When we look at appreciation in the visual here, there’s a big difference between the 6 years prior to the housing crash and the most recent 6-year period. Leading up to the crash, we had much higher appreciation in this country than we saw coming into this year. In fact, the highest level of appreciation most recently is below the lowest level we saw leading up to the crash. Prices were rising going into this economic slowdown, but not at the rate they were climbing back when we had runaway appreciation.
2. Mortgage Credit
The Mortgage Credit Availability Index is a monthly measure by the Mortgage Bankers Association that gauges the level of difficulty to secure a loan. The higher the index, the easier it is to get a loan; the lower the index, the harder. Today we’re nowhere near the levels seen before the housing crash when it was very easy to get approved for a mortgage. After the crash, however, lending standards tightened and have remained that way ever since.

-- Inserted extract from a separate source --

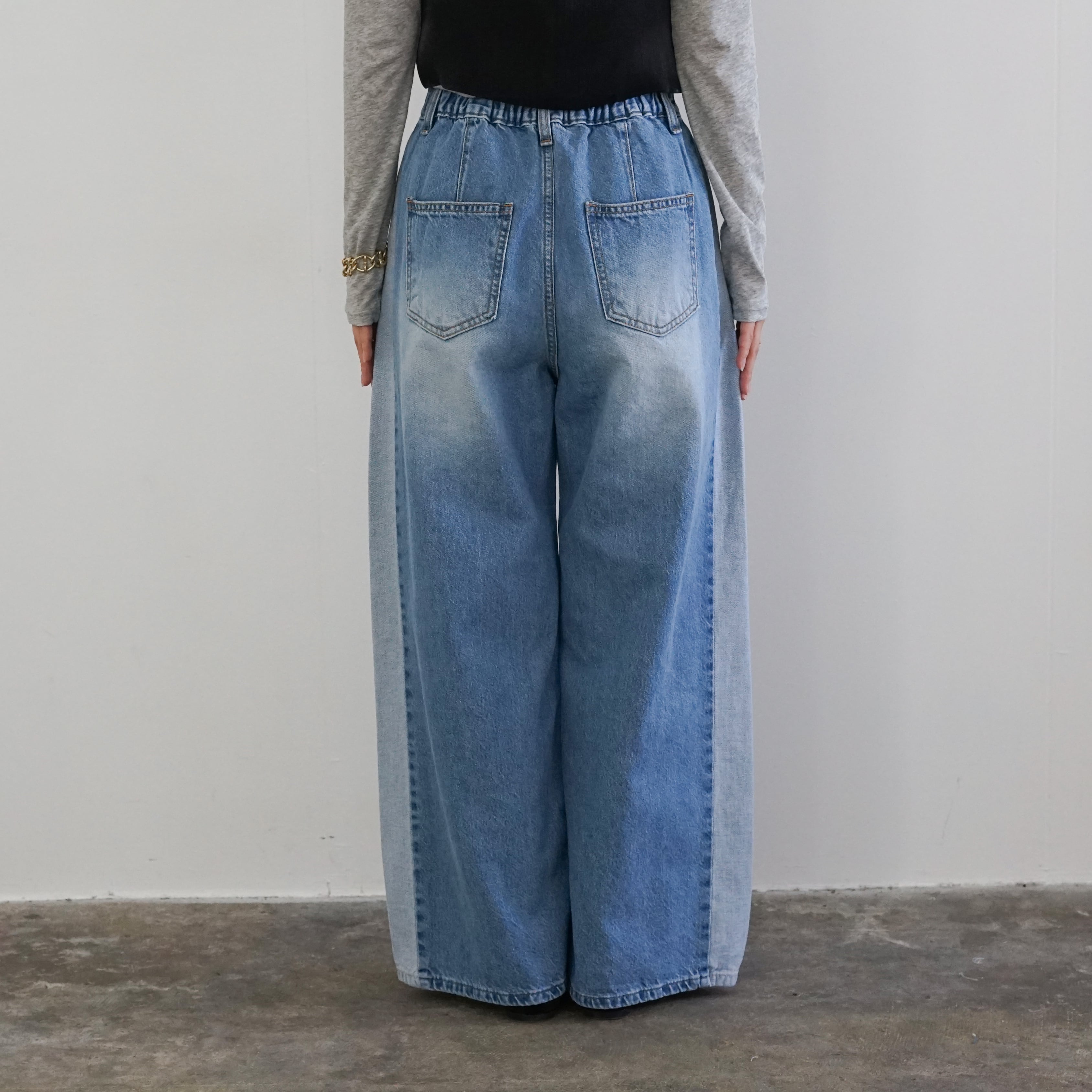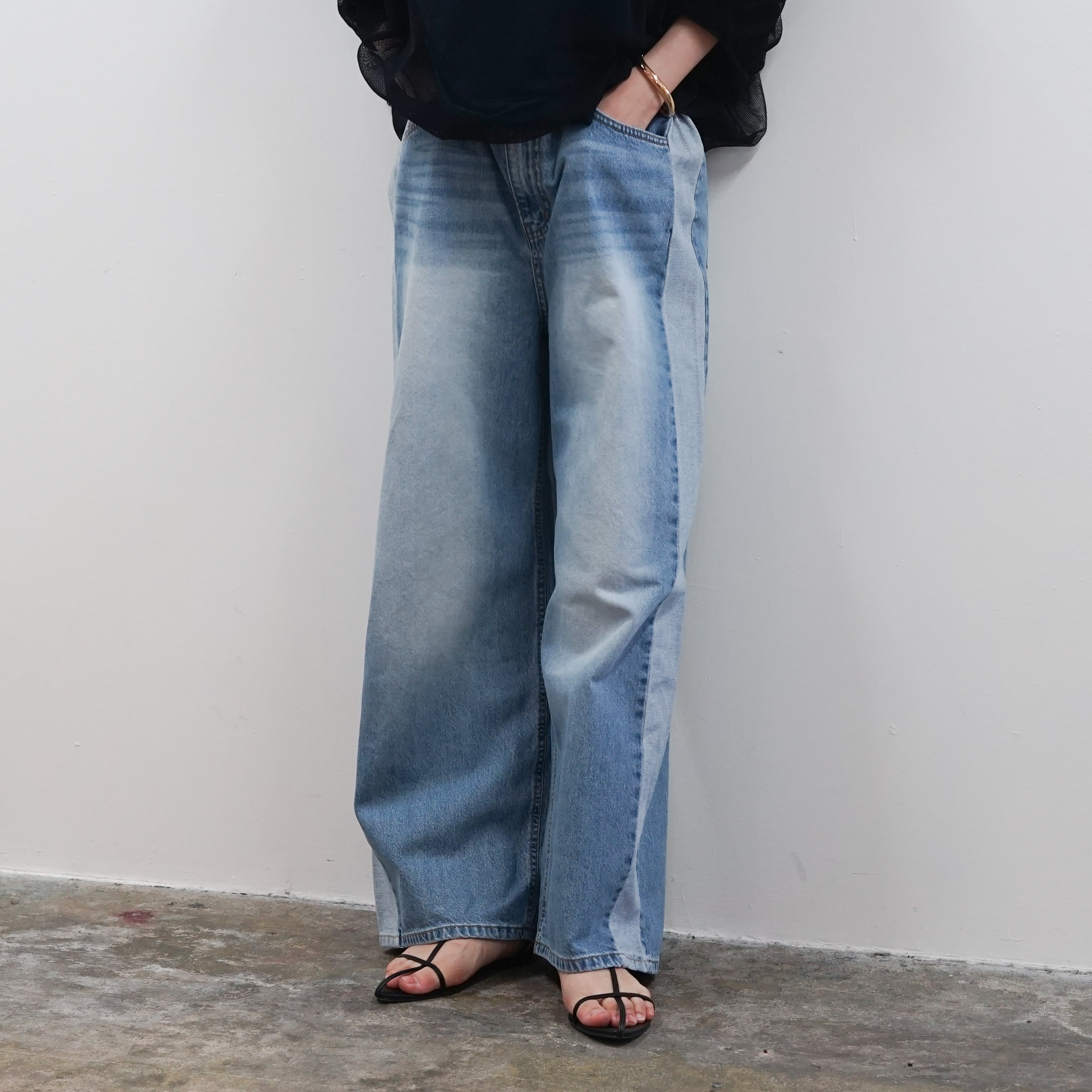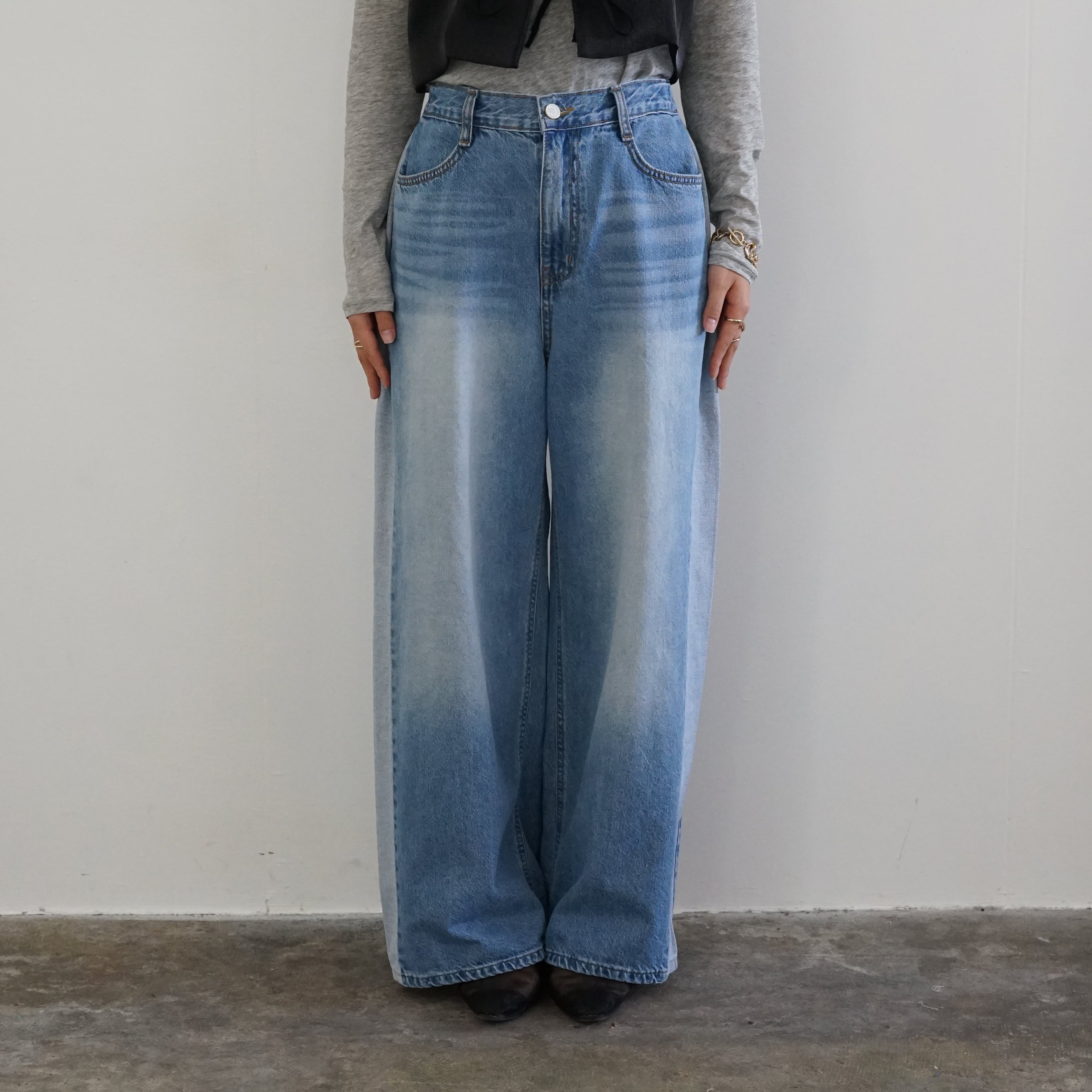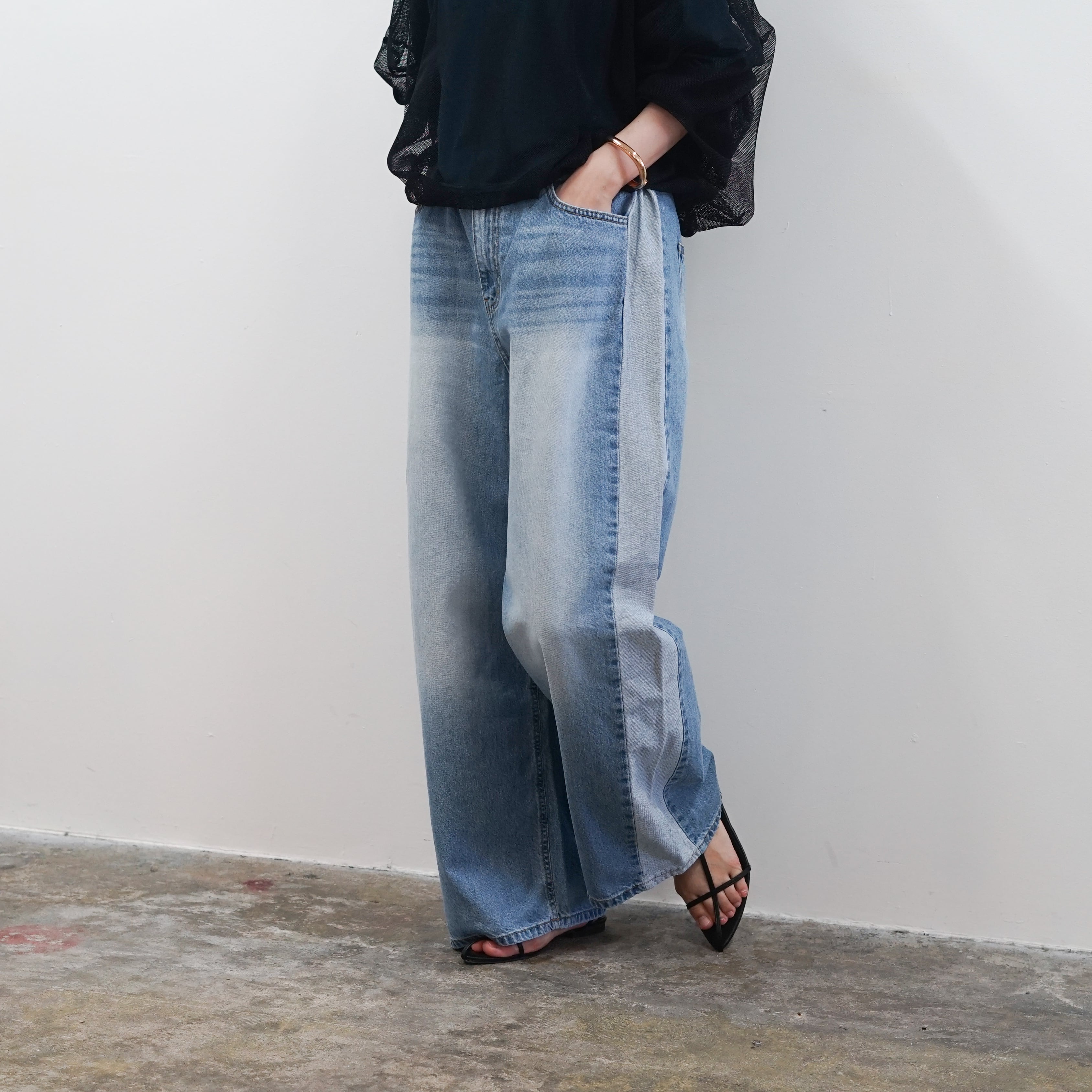 サイドラインですっきり見えのワイドストレートデニムパンツ

3. Number of Homes for Sale
One of the causes of the housing crash in 2008 was an oversupply of homes for sale. Today, as shown in the next image, we see a much different picture. We don’t have enough homes on the market for the number of people who want to buy them. Across the country, we have less than 6 months of inventory – an undersupply of homes available for buyers.
4. Us of Home Equity
The next chart shows the difference in how people are accessing the equity in their homes today as compared to the period leading up to the housing crash. Back then, consumers were harvesting equity from their homes (through cash-out refinances) and using it to finance highend lifestyles. Today, consumers are treating the equity in their homes much more responsibly.
5. Home Equity Today
Today, 58.7% of homes across the country have at least 60% equity. In 2008, homeowners walked away when they owed more than what their homes were worth. With the equity homeowners have now, they’re much less likely to walk away from their homes.
If you’re considering selling your house to make a move this year, there’s no need to fear the market. We’re not in a housing crisis, and this is nothing like 2008.